Voice Reply Trigger (Text Messages)

Text messages that contain specific phrases cause Kwasi to reply with a voice note instead of text, provided the response is ≤500 words. This works even though the input is typed text, not a voice message.

Trigger phrases (case-insensitive, word-boundary matched):

Phrase pattern Examples
tell me "tell me the weather today"
read me / read that / read this / read it (out) "read me that article", "read it out"
say that / say it "say that again"
speak (to me) "speak to me", "speak"
flowchart TD
    A[Text message arrives] --> B{_VOICE_TRIGGER_RE\nmatches phrase?}
    B -- No --> C[Normal text reply\n_to_telegram_md + edit flow]
    B -- Yes --> D{Response ≤ 500 words\nAND TTS_VOICE set?}
    D -- No --> C
    D -- Yes --> E[synthesize_speech via edge-tts]
    E --> F{Audio generated?}
    F -- No, exception --> C
    F -- Yes --> G[Delete placeholder message]
    G --> H[reply_voice with audio_bytes]

If TTS synthesis fails for any reason, it falls back silently to the normal text response. The voice reply trigger only applies to Telegram text messages — voice input, WhatsApp, and CLI are unaffected.

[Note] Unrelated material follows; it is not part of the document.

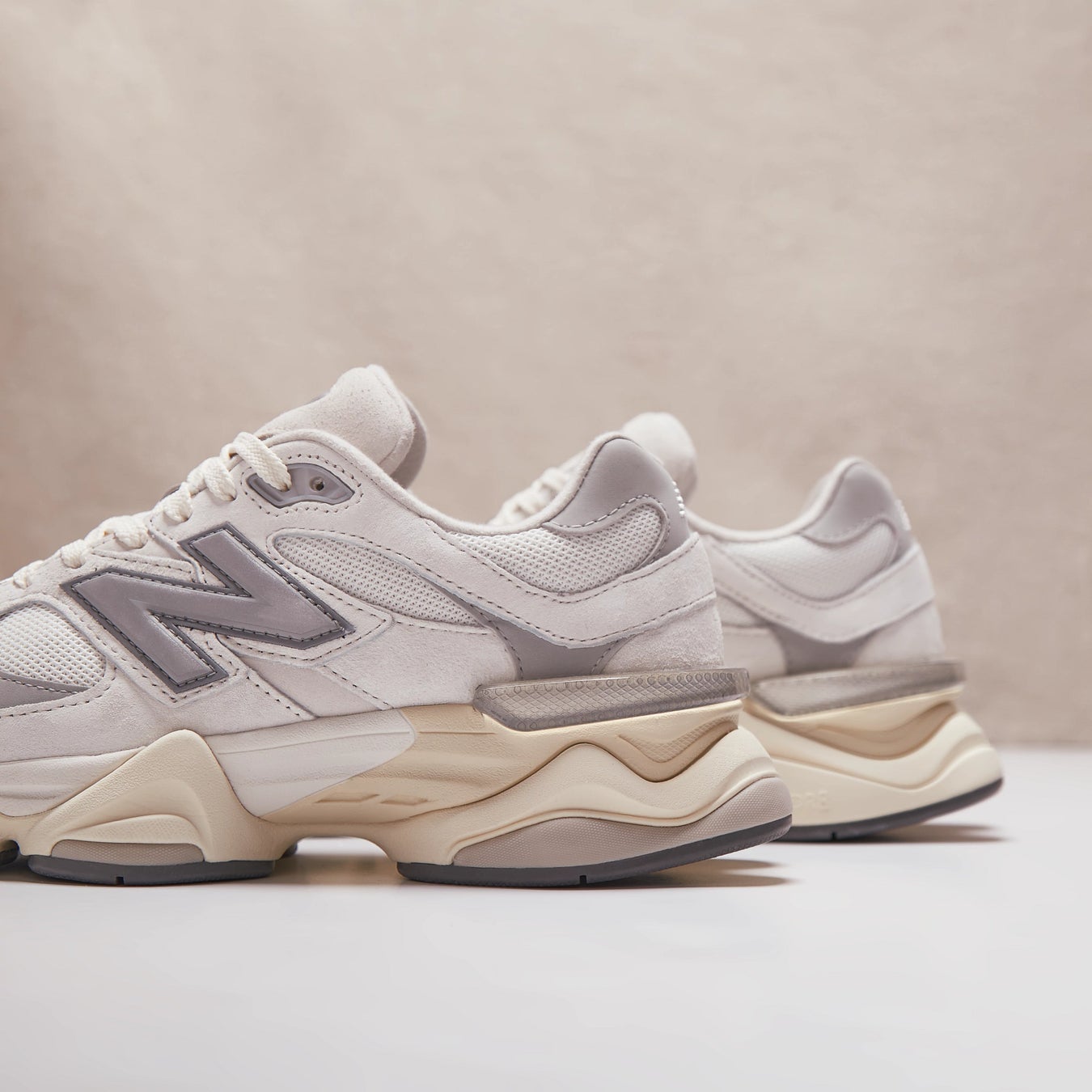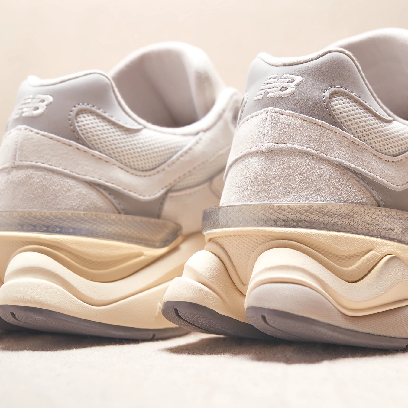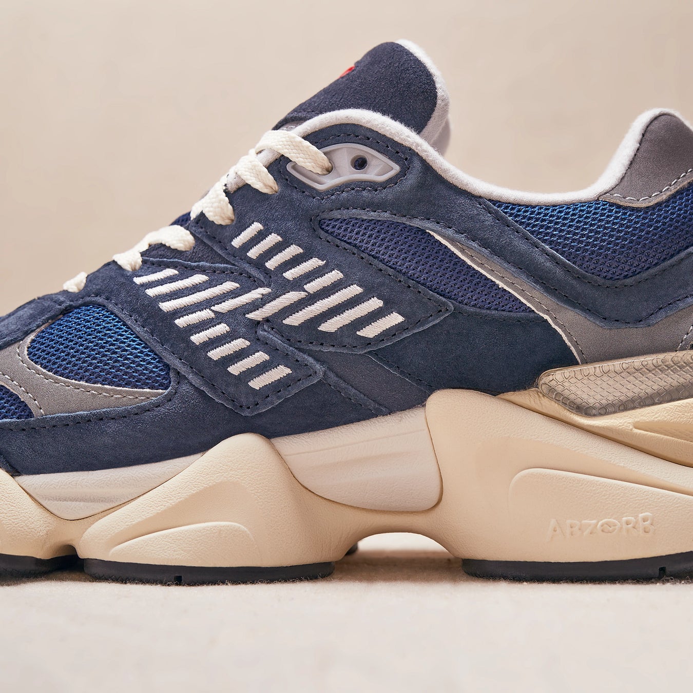昨年7月にライフスタイルのニューモデルとして登場した「90/60(ナインティシックスティ)」は、ニューバランスのフラッグシップモデルとしてブランドを代表する900番台と、2000年台初頭のランニングシューズ「860」からインスピレーションを受け、これまでのフットウェアで親和性のある要素を活かしながら、よりモダンで表現力豊な新たなスタイルへと昇華させています。内外で異なるデザインのNロゴや、インスピレーションの源となった各モデルをより誇張したミッドソールデザイン、そして新鮮なデザインだけでなく、ミッドソールに衝撃吸収素材ABZORB(アブゾーブ)を搭載し、履き心地もグレードアップしています。

External API Message (POST /message)

For Android HTTP Shortcuts and other external clients. Requires API_TOKEN and BRIEFING_CHAT_ID.

flowchart TD
    A[POST /message] --> B{X-API-Token\nvalid?}
    B -- No --> B1[401 Unauthorized]
    B -- Yes --> C{Body type?}
    C -- multipart/form-data --> D[Read text field\nRead file field if present]
    C -- application/json --> E[Parse text\nDecode image_b64 if present]
    D --> F{Image provided?}
    E --> F
    F -- Yes --> G[analyze_image via Gemini Vision\nResult prepended to user_message]
    F -- No --> H[user_message = text]
    G --> H
    H --> I[Load last 10 interactions\nusing briefing_chat_id as user_id]
    I --> J[classify_intent → select_agent]
    J --> K[Inject read-later context]
    K --> L[agent.run with message_history]
    L --> M[log_interaction\nuser_id = briefing_chat_id]
    M --> N[Send response to Telegram\nsplit at 4096 chars]
    N --> O[Return JSON\n{response, status: ok}]

Key design decisions: - user_id is set to BRIEFING_CHAT_ID — the same ID used by the Telegram bot. This means Android shares and Telegram messages share the same conversation history and context window. - Images are analysed via Gemini Vision before being passed to the agent — the agent sees the analysis text, not raw bytes. - The response is always delivered to Telegram. The JSON response body also contains the full response text for use in HTTP Shortcuts toasts or Tasker variables. - The approval gate is bypassed for consequential actions — interface is set to "api", which is not "telegram", so approval-gated tools execute immediately (same as CLI and briefing contexts).